As the Star Wars universe evolves, so too does the mediums in which inhabit it’s stories inhabit. Starting on the big screen in 1977, the stories soon moved on to the silver screen, while finding success as video game titles, especially in recent years. One of the more intriguing areas that has seen substantial development in recent years has been the output of Star Wars comics.

These dive into new eras, such as The High Republic, while continuing to expand upon journeys that came before, like Legends material. Despite the comic market generally being considered a retiring era, Disney has made a big push lately to inject new life into the market, especially with the aforementioned release of The High Republic content.

Looking ahead, to the future of this rich galaxy, there is a lot to look forward to. With the conclusion of the Obi-Wan Kenobi show saving the hope of many fans for promising content in the future, fans have actually got some very exciting things to look forward to. For instance, the Ahsoka show, which promises to continue the amazing adventures of Rebels in a live action space. With more accurate Lekku and a plethora of confirmed, and potentially, returning faces, this show has the chance to be one of the best Star Wars Disney+ shows thus far. It will be especially interesting to see how shows like The Acolyte and Visions season 2 perform, focusing on unique aspects of the wider lore.

Of course, before that our screens will be blessed with Andor. This show seems the most promising as it appears to step outside the narrative comfort zone that Star Wars has taken as of late. The father, child trait has been done in basically every Disney+ Star Wars project, and while it is an integral part of the Star Wars brand, it would be refreshing to see different narratives moving forward, and it looks like Andor has the potential to do just that. It appears to focus more on the war aspect, between rebel groups and the empire, an aspect from Solo: A Star Wars Story, on Mimban that was very interesting and memorable to watch.

That being said, following the success of projects like Rogue One: A Star Wars Story and Rebels, the bulk of on-screen projects have appeared to heavily concentrate on the era of Star Wars concerning the inception, rise and fall of the Galactic Empire.

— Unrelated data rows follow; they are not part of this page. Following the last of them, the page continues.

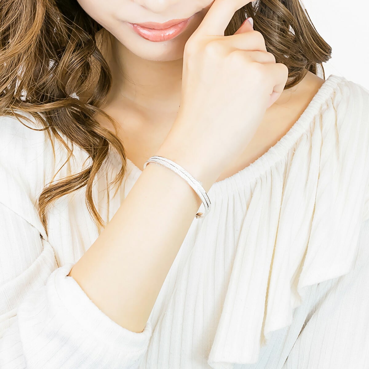 適度な太さのタイプなので時計やチェーンブレスレットなどと重ね付けでもお使いいただけます。
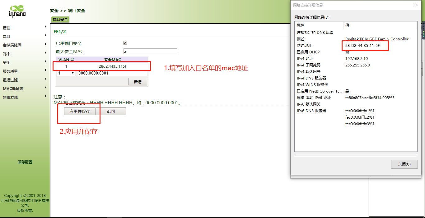 写入接口允许放行的mac地址即白名单,应用并保存即可
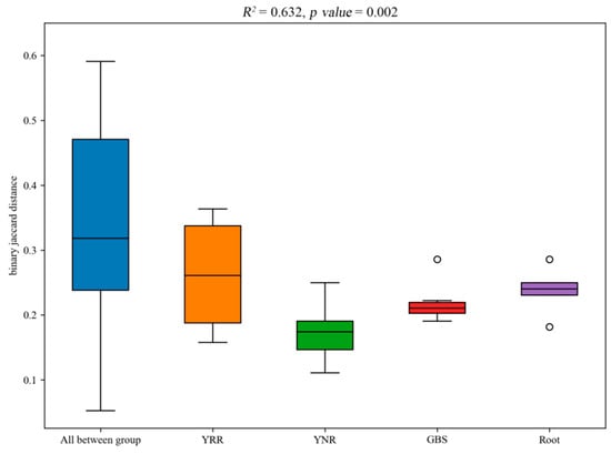 PERMANOVA analysis among different species. Root: root endophytes bacteria samples of P. hysterophorus; YRR: the rhizosphere soil bacteria samples of P. hysterophorus; YNR: the bulk soils bacteria samples of P. hysterophorus; GBS: the soil bacteria samples of native plants were numbered GBS group.
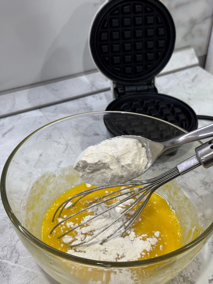 Орешницу разогреваем. Если у вас орешница для плиты, то прогрейте её с обеих сторон на среднем огне и убавьте немного огонь. Смазывать орешницу не нужно, количества масла в тесте достаточно, чтобы скорлупки не прилипли к форме.
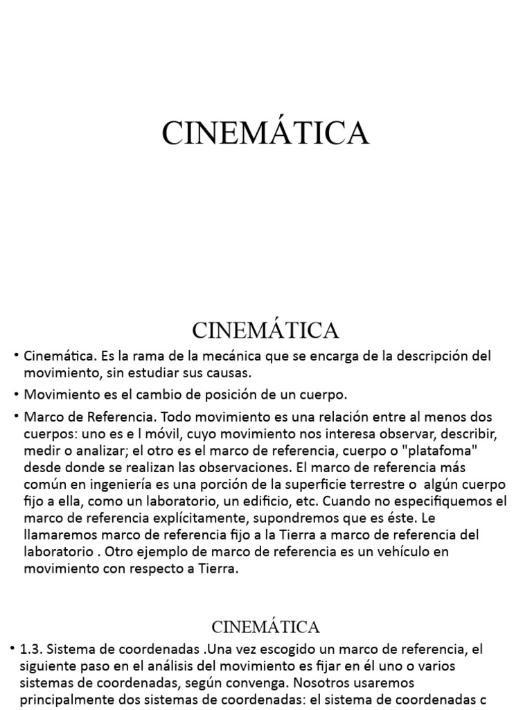 • Cinemática. Es la rama de la mecánica que se encarga de la descripción del
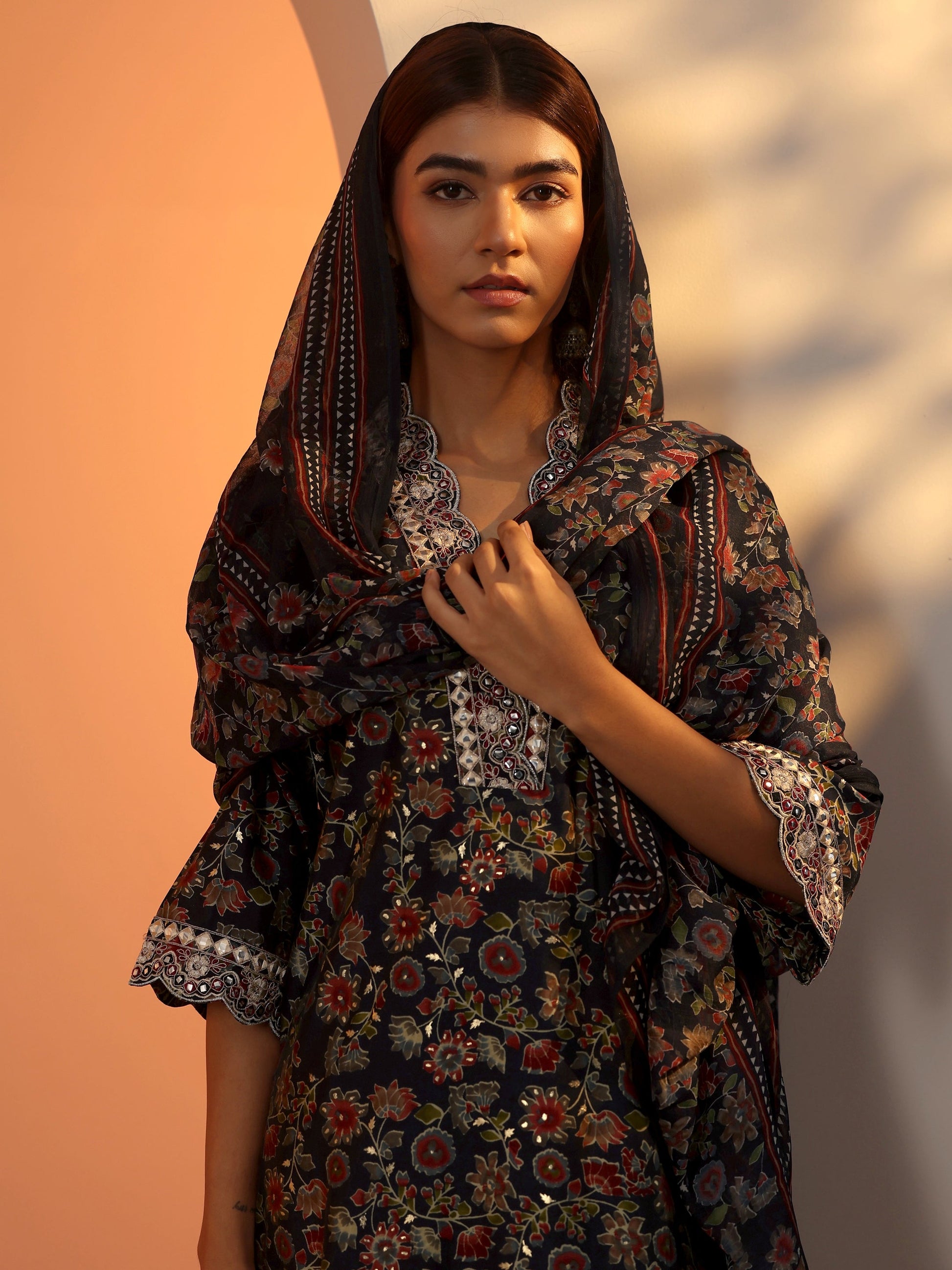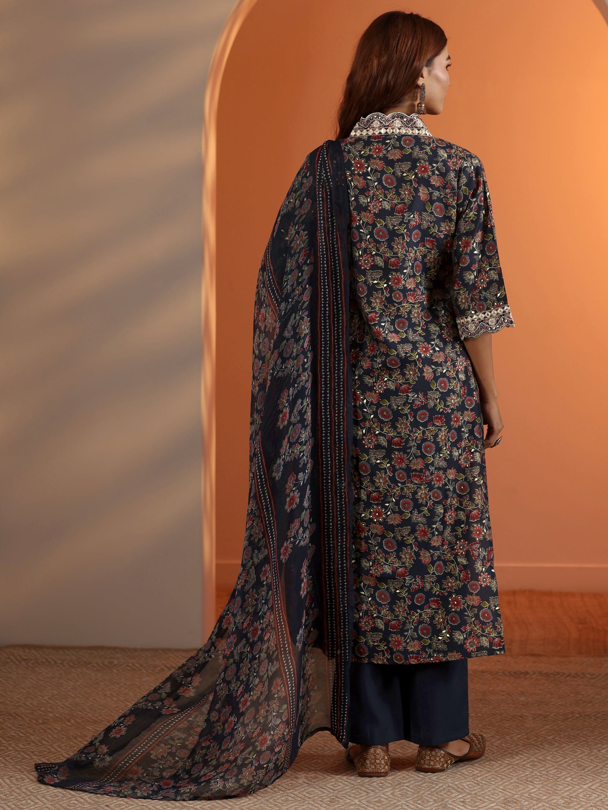 Our 3-piece Navy Blue Silk blend Kurta Set features a V-Neckline, Regular Sleeves, and statement yoke. Complemented with Straight Pants with a Partially Elasticated waistband and 2 pockets, and a Floral dupatta. Adorned with floral printed accents, this style is perfect for Dark Festive occasions.

While this is a fascinating era, that for on thing has certainly introduced a wider range of troop variants in recent years, there is an abundance of eras to choose from that have yet to be properly explored on screen. Eras such as the Old Republic, or even the newer addition, The High Republic have yet to be properly explored in live action and animation, but with a number of projects yet to release, it is too soon to rule these eras out for the not too distant future.

Final thoughts

Having just scratched the surface of the Star Wars content available to fans in this retrospective, it is clear to see that these stories resonate with a lot of people. Each generation is introduced to different eras at different stages and so will have a different respective on the material, just like the writers and directors with their unique take on stories and themes.

Regardless, Star Wars is a rich and expansive universe filled with an abundance of journeys and diversity waiting to be explored by fans. As the audience grows, so does the content, and so it would be unsurprising if this mammoth of a sci-fi property sticks around for plenty of future generations to enjoy.